There is a real risk that the US market is too optimistic about a soft landing & interest rates moving from rising to falling. Given the inflation bogie, this seems unlikely. Rather stagflation is a more likely outcome. The outlook for the high growth stocks including the tech sector in the US is therefore clouded.

So far most companies have continued to report some small softening in economic conditions impacting on sales and inflation on costs, but for most those impacts are not dramatic to date. But consumers are nervous and the interest rate rises have many quite fearful both in the US and Australia. This impact on consumers should continue to result in a further softening of consumer expenditures. Stagnant GDP growth with too high inflation creates a difficult investment climate for employers and investors. Many have no experience of the stagflation of the 1980’s.
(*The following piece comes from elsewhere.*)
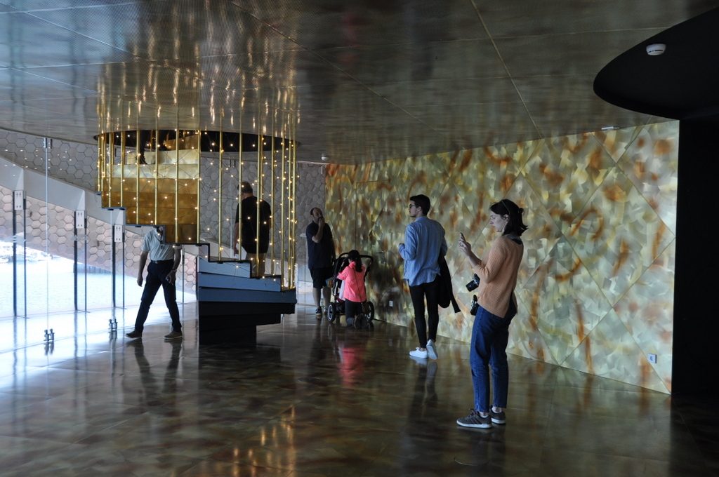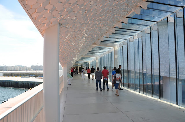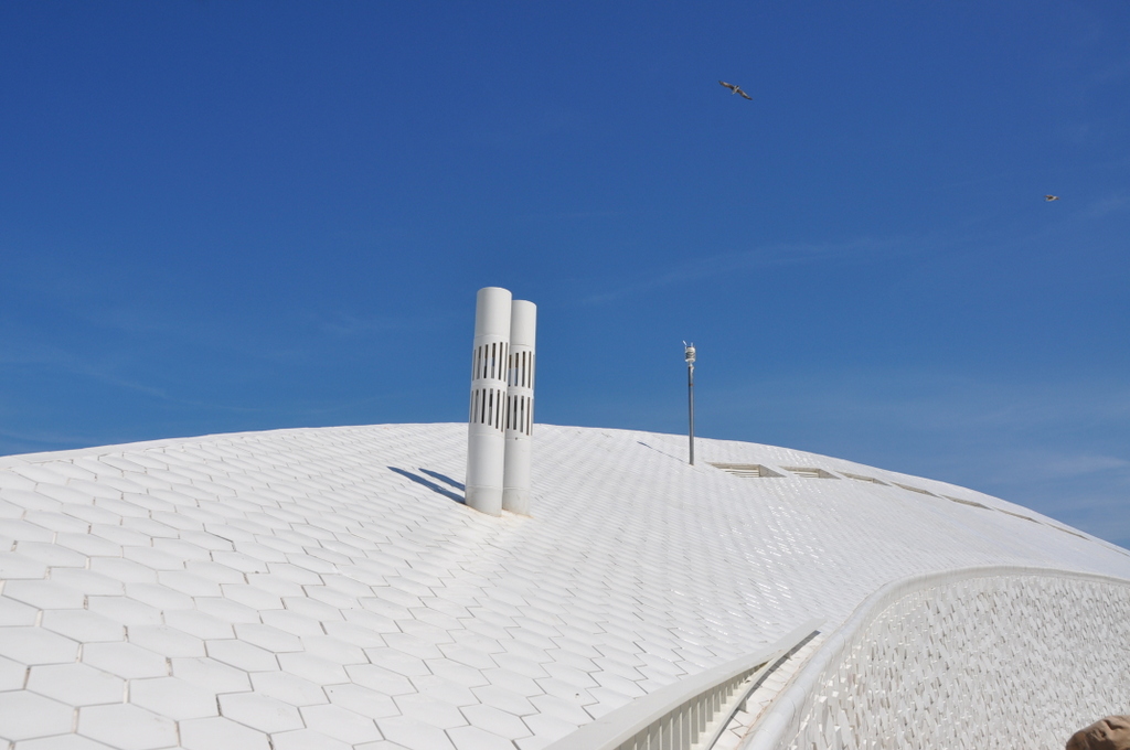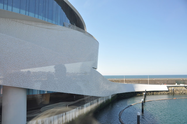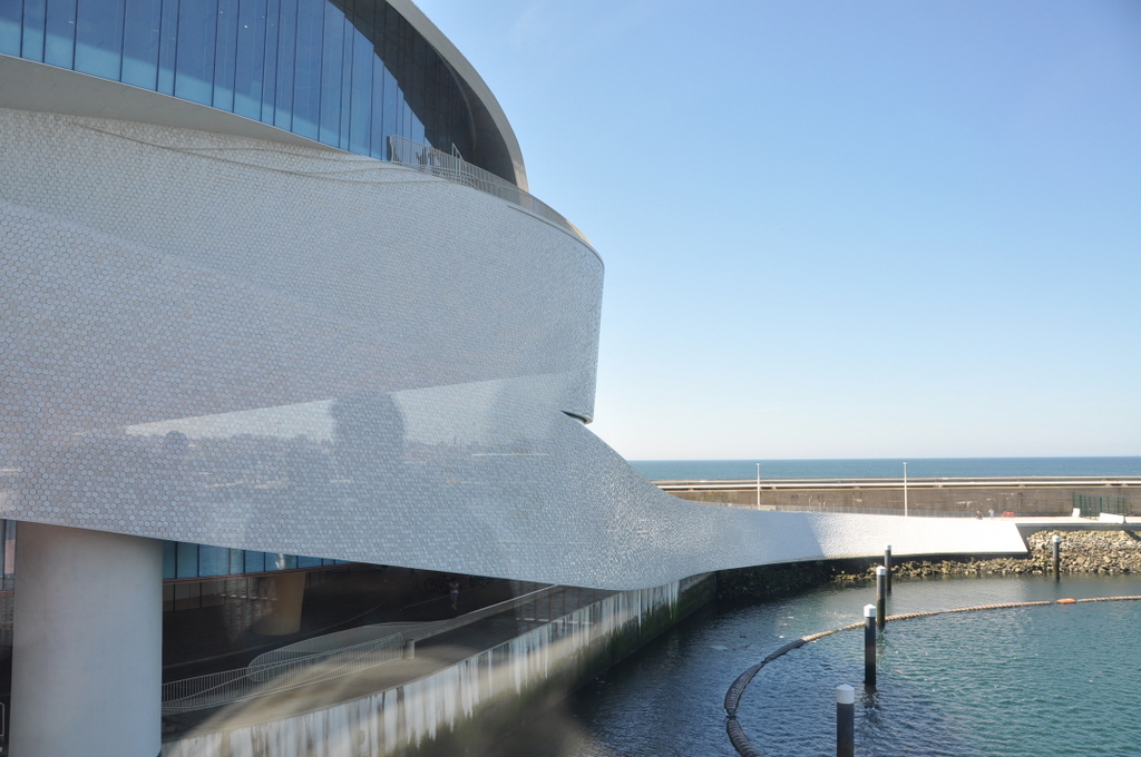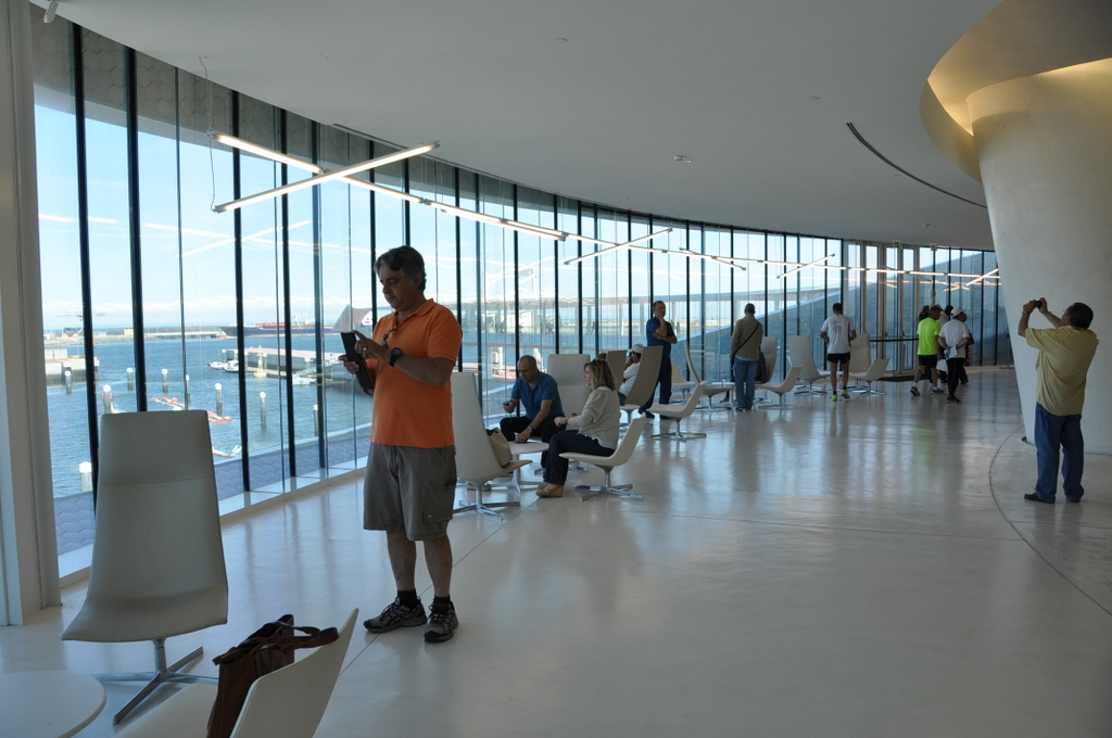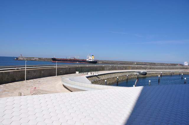 Em dia de Open House visitamos o Terminal de Cruzeiros do Porto de Leixões. A sala de entrada de quem nos procura em cruzeiro é uma obra premiada do Arq. Luis Pedro Silva que muito nos encantou e deve orgulhar. Uma obra em forma de um qualquer molusco marinho, coberta a azulejo a sugerir escama, dispõe-se à volta de uma rampa em espiral que a atravessa e delimita os espaços: o interior com as suas funcionalidades de check in / check out, os gabinetes do futuro Parque da Ciência e Tecnologia do Mar, Restaurante, Auditório e no exterior, o mar, a cidade que se debruça para ele e os seus encantos.

Some pointers on Investing.

  • Stick to fundamentals as the sentiment and momentum investing period has largely given way to value and growth at reasonable price (GARP) companies.
  • Avoid the overvalued sectors: nouveau technology, private equity and venture capital; high P/E companies and those with no earnings
  • A number of value and GARP stocks should come back to Burrell FVEs (Fair value Estimates) over the balance of calendar 2023. Keep engaged.
  • Resources have benefitted from the terrible events in Ukraine. These geopolitical factors are compounding demand in several key commodities including the so called battery minerals being not only lithium, but copper, nickel, cobalt, manganese etc. Australian miners and resource stocks should continue to do well, notwithstanding increasing political risks from Canberra in the LNG sector.
  • Differences between the US and Australia are providing opportunities for Australian investors e.g. in banking stocks, listed property
  • Be astute on fixed interest. A diversified fixed interest portfolio with varying duration and selected securities from differing types of fixed interest securities in the credit stack. Talk to Burrell Fixed interest desk.
  • Listed Property is trading at discounts to nta, but those net assets will reduce as cap rates increase in response to rising long-term interest rates. The discounts are likely overdone when compared to actual sale prices of properties. Industrial property continues to be preferred.